Summary. The paper proposes an active learning (AL) framework to develop data-efficient, physics-informed digital twins for thermal energy distribution systems. It integrates high-fidelity Modelica simulations with surrogate models including SINDyC, MvG-SINDyC, FNN, and GRU, using tailored query strategies such as Mahalanobis-distance sampling for MvG-SINDyC and error-based sampling for others. Demonstrated on the glycol heat exchanger (GHX) of the TEDS at Idaho National Laboratory, the framework claims to achieve comparable predictive accuracy for bypass mass flow rate and heat transfer rate using only one-fifth of the simulation trajectories needed by random sampling, with GRU offering highest fidelity and SINDyC best efficiency and interpretability.

Significance. If the empirical results hold, this approach offers a promising path toward computationally efficient and interpretable digital twins suitable for real-time supervisory control in integrated thermal energy systems. The combination of physics-based structure with active learning for data selection addresses key limitations of both pure simulation and black-box data-driven methods. The inclusion of uncertainty quantification via MvG-SINDyC is a notable strength, as is the focus on specific system outputs relevant to control.

major comments (2)
  1. [Results] The central claim that the AL framework achieves comparable accuracy on m_GHX and Q_GHX with 1/5 the trajectories of random sampling lacks supporting details on validation splits, number of independent runs, error bars, or statistical significance tests. Without these, it is difficult to assess whether the reported data-efficiency gain is robust.
  2. [Active Learning Query Strategies] The model-specific AL strategies (Mahalanobis distance in coefficient space for MvG-SINDyC, error-based for others) may introduce selection bias by over-representing certain dynamics. The manuscript should provide quantitative evidence, such as state-space coverage metrics or out-of-distribution generalization errors on unseen operating conditions, to confirm that the selected trajectories do not degrade surrogate performance on the full TEDS envelope.
minor comments (2)
  1. [Abstract] The abstract mentions performance gains but does not specify the exact metrics or conditions under which the 1/5 reduction holds.
  2. [Notation] Ensure consistent use of symbols for mass flow rate across the text and equations.

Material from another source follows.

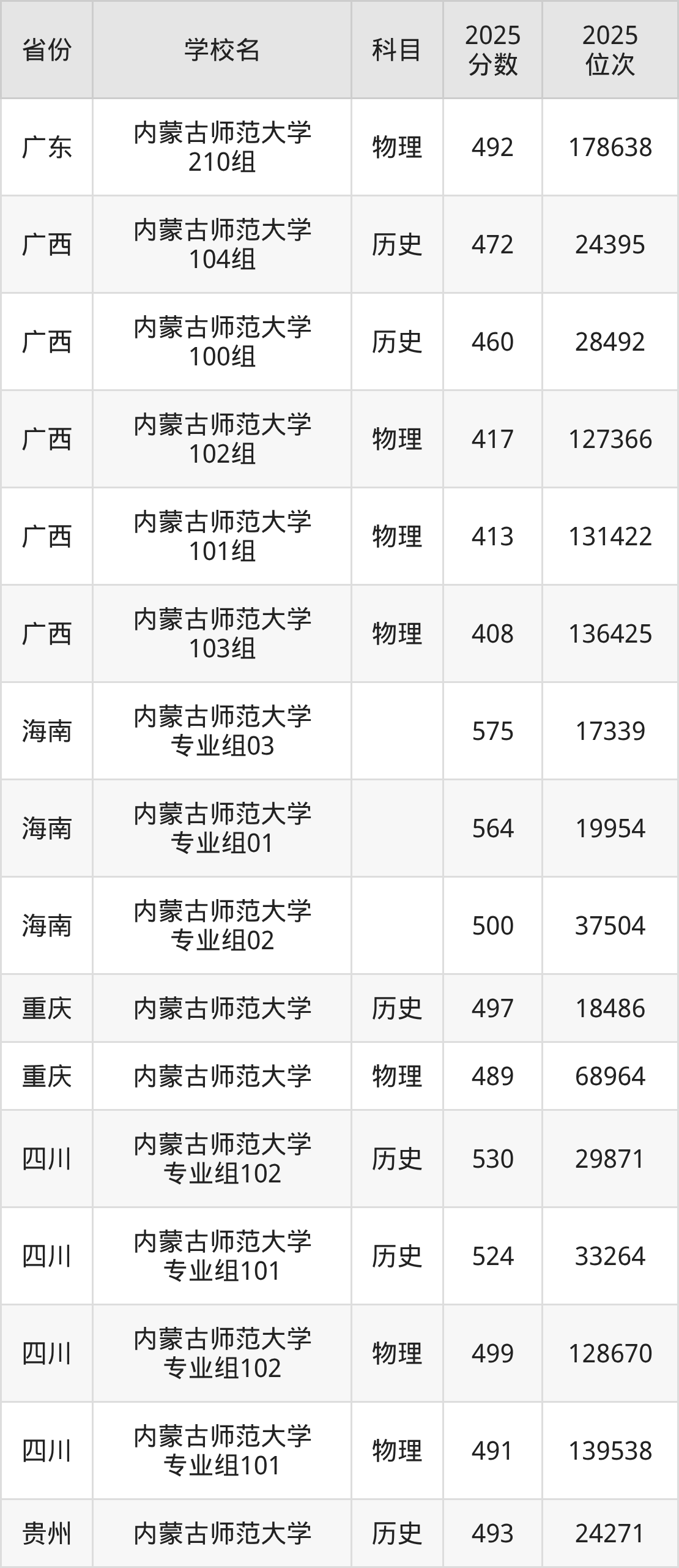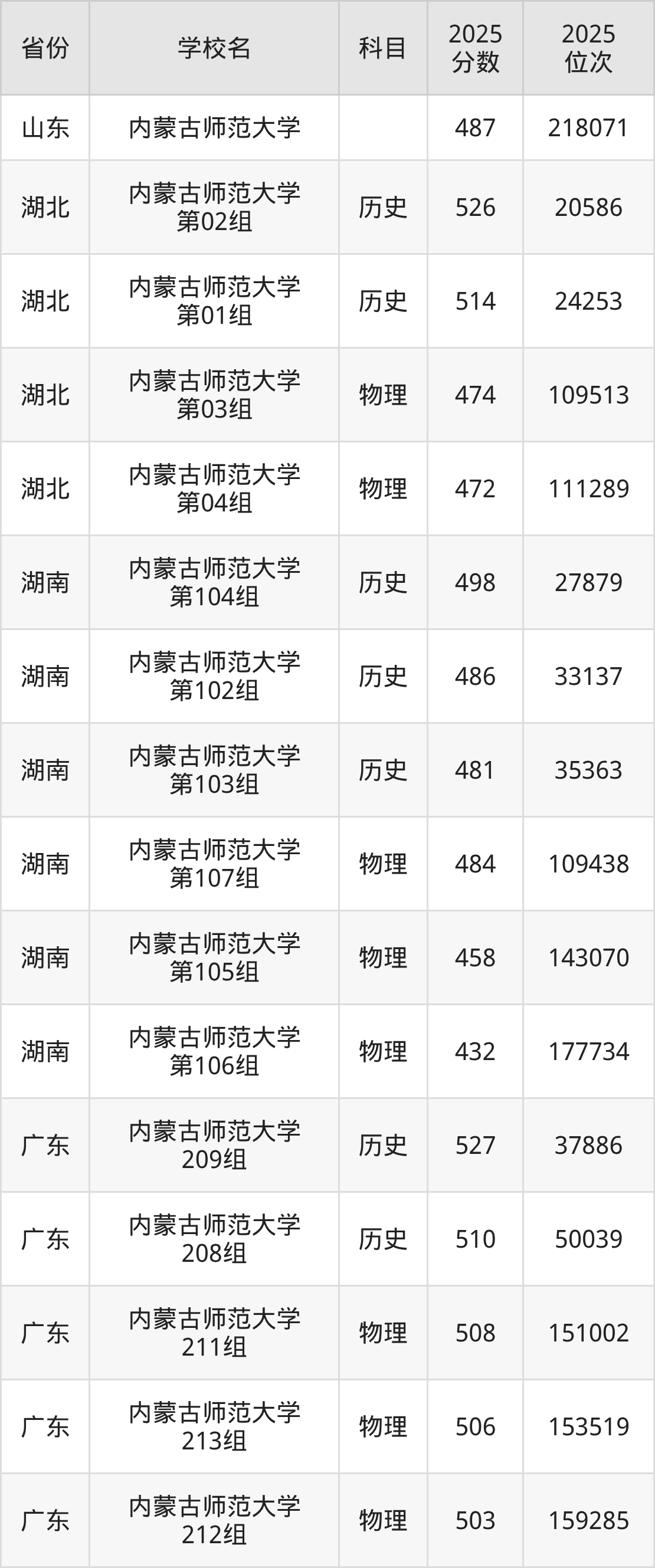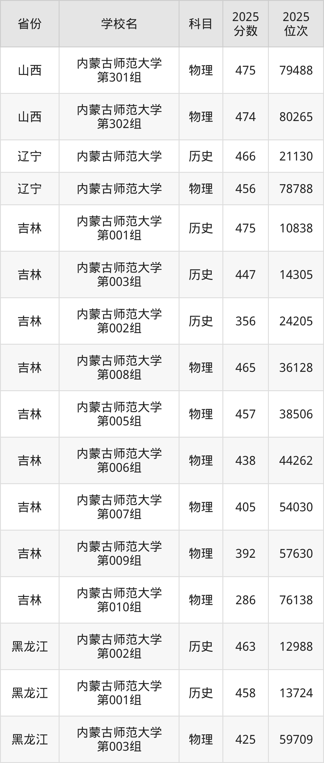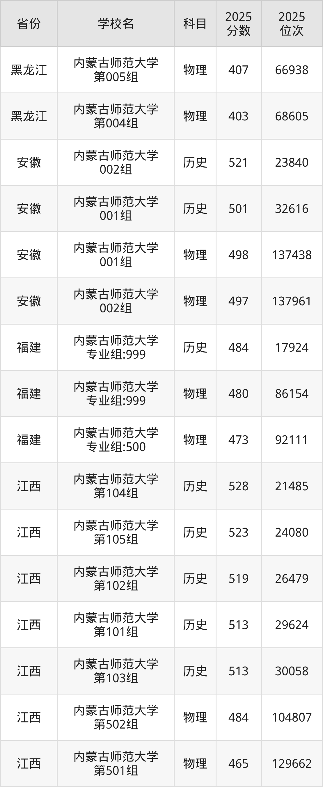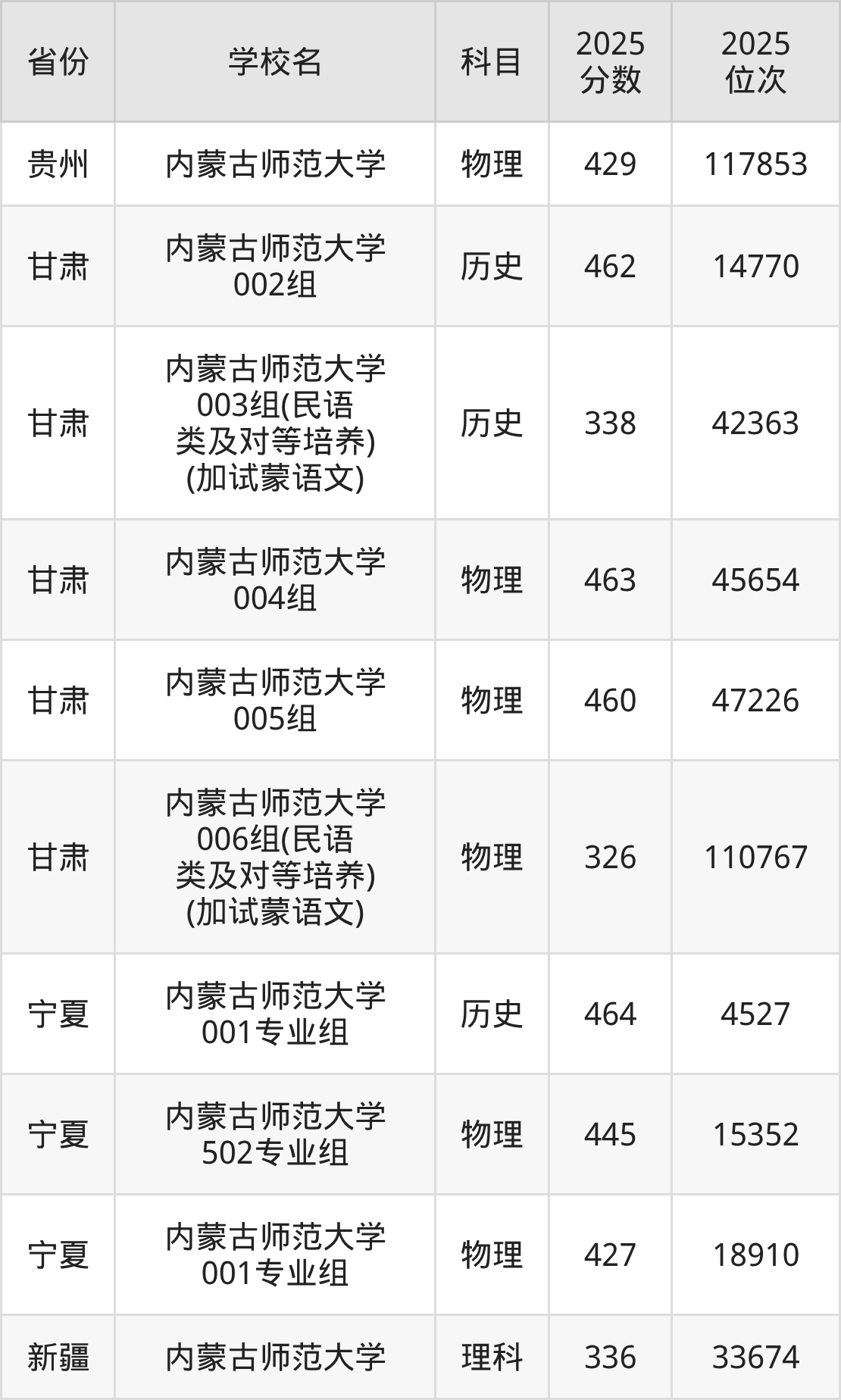 2025年内蒙古师范大学在自治区内分历史物理科目类录取,其中历史类最低分是472分、对应位次是13311名;物理类最低分是399分,对应位次是61601名。

Simulated Author's Rebuttal

2 responses · 0 unresolved

We thank the referee for their constructive feedback and positive assessment of the work's significance. We agree that additional statistical details and coverage analyses will strengthen the presentation of our results. We address each major comment below and will revise the manuscript accordingly.

read point-by-point responses

  1. Referee: [Results] The central claim that the AL framework achieves comparable accuracy on m_GHX and Q_GHX with 1/5 the trajectories of random sampling lacks supporting details on validation splits, number of independent runs, error bars, or statistical significance tests. Without these, it is difficult to assess whether the reported data-efficiency gain is robust.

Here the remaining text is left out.